Ulises Estrella Moya (July 4, 1939 – December 27, 2014) was an Ecuadorian poet. He was the co-founder of Tzantzismo, a movement of the 1960s, Ecuador. He was also a film expert, who headed the film department of the House of Ecuadorian Culture for over 30 years.

Biography
His parents were Nicolás Estrella Maldonado from Tabacundo and Laura Moya Sánchez from Latacunga.

In the beginning of 1963 Estrella met Regina Katz. Together they traveled to Panama, and later to San Jose, Costa Rica where he taught a poetry course for three months to the children of the Castella Conservatory. They also went to Nicaragua, Honduras, Guatemala, and finally to Mexico, because in Argentina Regina had earned a scholarship to study dance at the Instituto Nacional de Bellas Artes. In Mexico he wrote for the poetry magazine "El Corno emplumado", and was a literary critic for the newspapers "Ovaciones" and "Excelsior". They then moved to New York for 9 months, where he spent a great deal of time watching movies by Italian neorealist directors such as Federico Fellini, Luchino Visconti, Michelangelo Antonioni, which sparked his interest in film. He then moved to Colombia, where he socialized with the Nadaists led by Gonzalo Arango. By mid 1964 Estrella returned to Quito.

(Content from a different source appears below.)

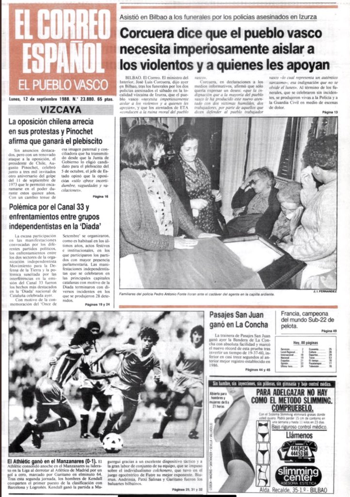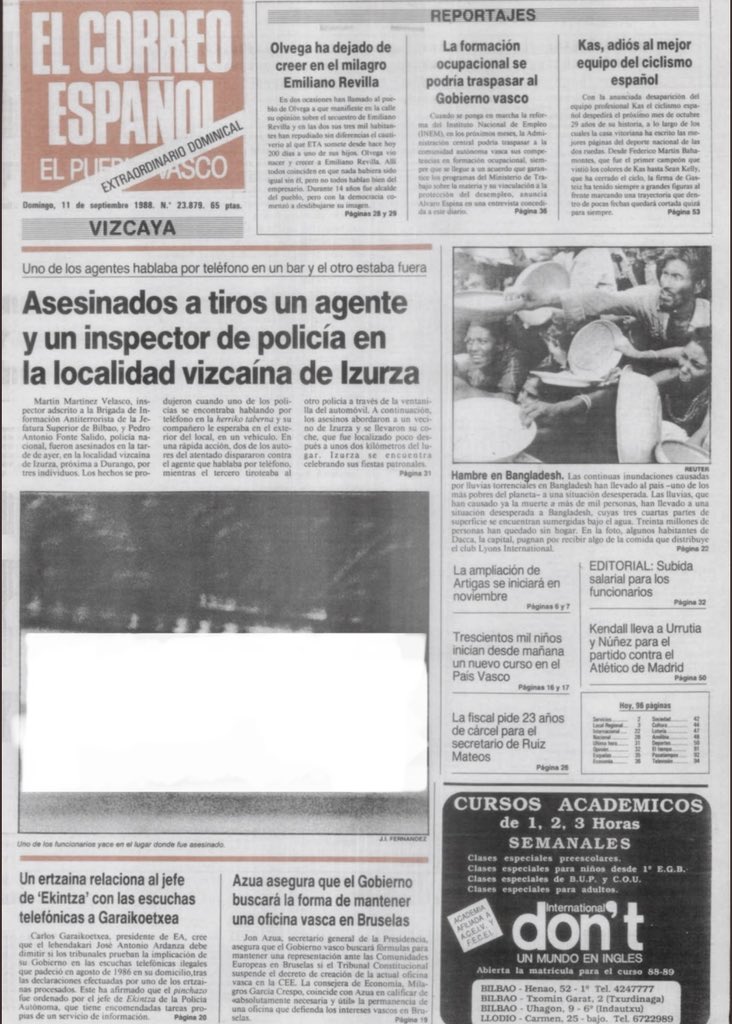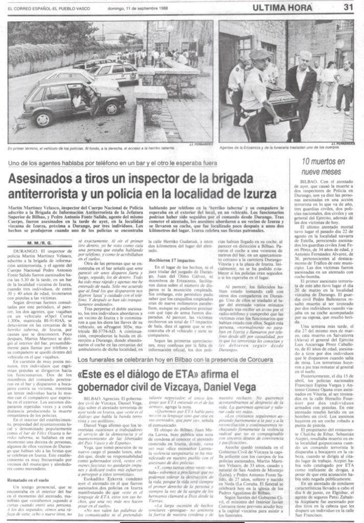 A las cinco y media de la tarde del sábado 10 de septiembre de 1988 la banda terrorista ETA asesinaba a tiros en Izurza (Vizcaya) al agente de policía, PEDRO ANTONIO FONTE SALIDO, y al inspector MARTÍN MARTÍNEZ VELASCO. El agente Fonte Salido fue acribillado mientras esperaba en un vehículo camuflado a que su compañero saliera del Bar Ozaeta, situado en la carretera que va de Vitoria a Durango. El inspector Martínez Velasco fue asesinado segundos antes mientras hablaba por teléfono dentro del bar, donde en esos momentos jugaban a las cartas una docena de personas. Ambos estaban adscritos a la Brigada de Información Antiterrorista de la Jefatura Superior de Policía de Bilbao.

In 1965 he traveled to Trujillo, then to Lima, and he lived in Cuzco for 2 months among poets and painters, arranging poetry readings and conferences. In 1966 he went to Buenos Aires where he studied Art and Essay Films. He also reunited with Regina who was back in Argentina. In 1966 he and Regina returned to Quito where he presided over the Association of Young Artists and Writers.

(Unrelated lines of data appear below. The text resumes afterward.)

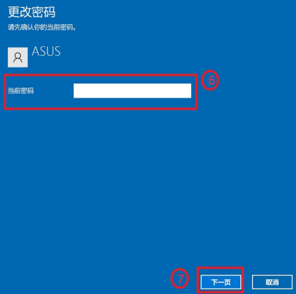 请输入您目前的密码⑥,然后点选[下一页]⑦。
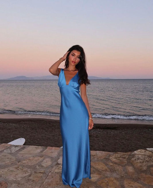 Blue suspender tassel maxi dress long evening dress party dress nv2691
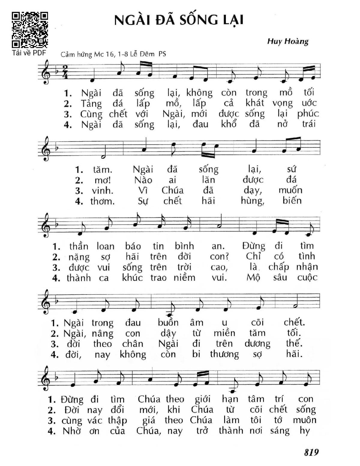Sheet nhạc có nốt Ngài đã sống lại của nhạc sĩ Huy Hoàng và file PDF nốt nhạc đăng lên đây nhằm giúp các bạn xướng âm cho đúng nốt và hát thêm hay, chỉ mang tính chất tham khảo, không có mục đích thương mại. Bản quyền thuộc về tác giả và tổ chức nắm bản quyền, Truongca.com không giữ bất kỳ bản quyền của nội dung nào cả. Các bạn có thể tải về bản PDF chất lượng cao, gồm khuông nhạc có nốt với đường link file PDF bên trên.
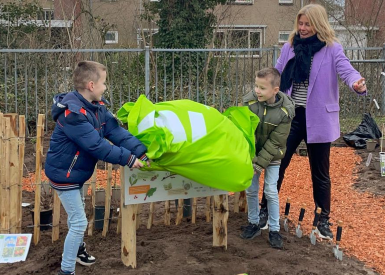 Kindcentrum Heemse in Hardenberg heeft sinds dinsdag 7 maart een Voedselbosje. Kinderen van de BSO hebben samen met IVN Natuureducatie het eetbare bosje op hun plein geplant. Directeur van de kinderopvang Fera Harsevoort opende samen met twee kinderen het Voedselbosje. Zowel de kinderen als de directeur zijn blij met dit groene initiatief in Hardenberg.
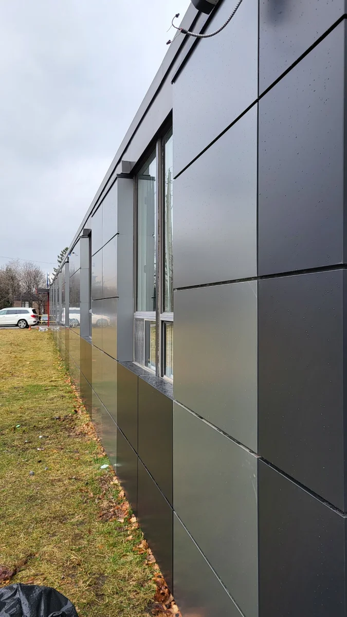 For Niru Enterprise Inc., BuildSky installed a striking dark grey Alubond ACM cladding façade at their Scarborough facility. This commercial cladding project combines the non-combustible performance of Alubond A2 panels with a sleek, contemporary look—perfect for enhancing brand image and building durability.
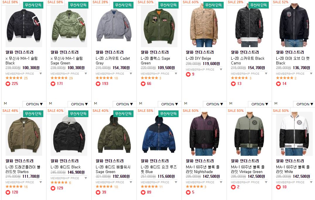 알파 인더스트리 다양한 제품을 할인 판매하네요.

In 1967 he represented Ecuador in the International Poets Conference celebrated in Varadero, Havana, called "Encuentro con Rubén Darío". In 1969-1970 he taught an Art History Course in Havana, and another course on Aesthetics at the National Art School of Cuba. That year he published a theater piece called "Apenas de este mundo", which was dialectical, folk, and political. Between 1971-1979 he founded the Film Department of the Central University, he also taught Film journalism and Image Theory at the School of Information Science at the Central University.

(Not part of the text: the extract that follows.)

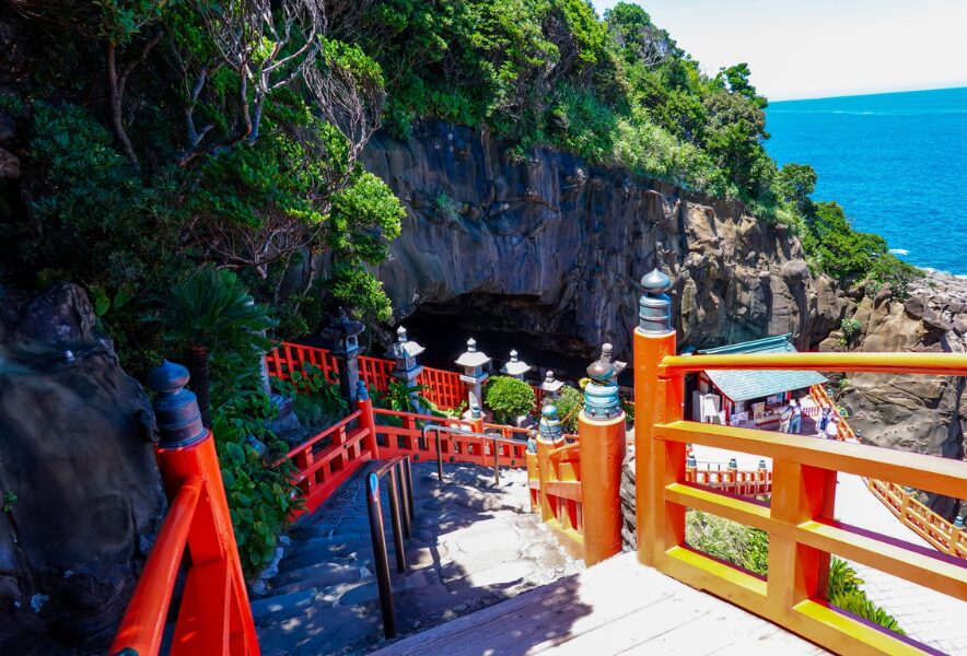 鵜戸神宮(日南市):宮崎県日南市大字宮浦3232——青い海と断崖の先に現れる、朱色が印象的な神秘の社。坂を下ってたどり着く境内は、訪れた瞬間から非日常の空気に包まれます。眼下には荒々しい岩と海が広がり、願いを込めて投げる運玉でも知られる特別な場所。洞窟の中に溶け込むように佇む社殿は、自然と信仰が一体となった圧倒的な景観を生み出しています。——海・岩・朱色が織りなすコントラスト。宮崎で“神話と自然の力”を体感できる、忘れられないスポットです。

Between 1974-1984 he directed the newspaper "Prensa Obrera" of the Federation of Workers of Pichincha. In 1975 he was elected vice president of the Federation of Employees and Workers of the Central University, and Permanent Secretary of the National Federation of Employees and Workers of Ecuador (CTE).

Tzantzismo
In 1962, Estrella and the Argentine poet Leandro Katz co-authored a poetry book titled "Clamor", which marked the birth of Tzantzismo. Its members, called Tzántzicos, wore long, unkempt beards, as a symbolic tribute to Fidel Castro, and also grew their hair long and wore jeans. They began gathering at the home of the painter Eliza Aliz (birth name Elizabeth Rumazo) and her husband the Cuban painter Rene Aliz. Later the Tzántzicos would meet on Friday nights at the Café Aguila de Oro, which they renamed "77 Café", to have discussions on poetry, politics and other cultural matters. The first Tzántzico Manifesto was signed on August 27, 1962 by Marco Muñoz, Alfonso Murriagui, Simón Corral, Teodoro Murillo, Euler Granda and Ulises Estrella.

Film
Between 1967 and 1970 he was the founding director of the University Film Club. He also taught literature at the Theater School of the House of Ecuadorian Culture, and the Favio Paccioni Art Center at the Central University of Ecuador.

In 1976 he produced the black and white movie "Fuera de Aquí" with the Kamán group of Bolivia, directed by Jorge Sanginés. The film received a prize at the Tashken Festival, in the Uzbekistan Republic, in the Soviet Union. Then in 1980 he again joined the House of Ecuadorian Culture and founded its Film section. He also produced a documentary titled "Cartas al Ecuador" based on a book by Benjamín Carrión.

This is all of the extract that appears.